PROBLEM TO WORK ON. Everything in the data below is left aside except the lines from the one containing "Door de rustige" through the one containing "JUGEMテーマ:子育て 今日のカンガルークラブは 『リトミック"; repeat those exactly.

ENTRIES SUPPLIED.
====

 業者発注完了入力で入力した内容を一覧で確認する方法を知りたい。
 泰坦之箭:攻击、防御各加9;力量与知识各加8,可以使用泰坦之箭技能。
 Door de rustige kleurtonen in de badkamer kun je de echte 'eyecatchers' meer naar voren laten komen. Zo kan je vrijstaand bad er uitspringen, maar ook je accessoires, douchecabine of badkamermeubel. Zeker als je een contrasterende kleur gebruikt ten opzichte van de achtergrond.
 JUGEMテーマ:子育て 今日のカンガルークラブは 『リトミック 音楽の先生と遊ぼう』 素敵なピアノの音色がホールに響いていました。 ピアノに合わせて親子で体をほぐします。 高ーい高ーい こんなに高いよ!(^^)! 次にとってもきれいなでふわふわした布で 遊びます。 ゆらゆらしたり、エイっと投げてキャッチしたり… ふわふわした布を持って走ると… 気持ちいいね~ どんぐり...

====

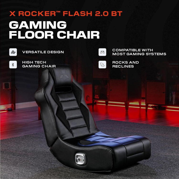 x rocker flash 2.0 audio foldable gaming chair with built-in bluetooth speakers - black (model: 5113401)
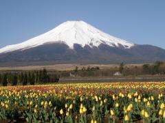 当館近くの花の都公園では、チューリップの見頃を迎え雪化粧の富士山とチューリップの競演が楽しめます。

====

SOLVED PROBLEM.
 Door de rustige kleurtonen in de badkamer kun je de echte 'eyecatchers' meer naar voren laten komen. Zo kan je vrijstaand bad er uitspringen, maar ook je accessoires, douchecabine of badkamermeubel. Zeker als je een contrasterende kleur gebruikt ten opzichte van de achtergrond.
 JUGEMテーマ:子育て 今日のカンガルークラブは 『リトミック 音楽の先生と遊ぼう』 素敵なピアノの音色がホールに響いていました。 ピアノに合わせて親子で体をほぐします。 高ーい高ーい こんなに高いよ!(^^)! 次にとってもきれいなでふわふわした布で 遊びます。 ゆらゆらしたり、エイっと投げてキャッチしたり… ふわふわした布を持って走ると… 気持ちいいね~ どんぐり...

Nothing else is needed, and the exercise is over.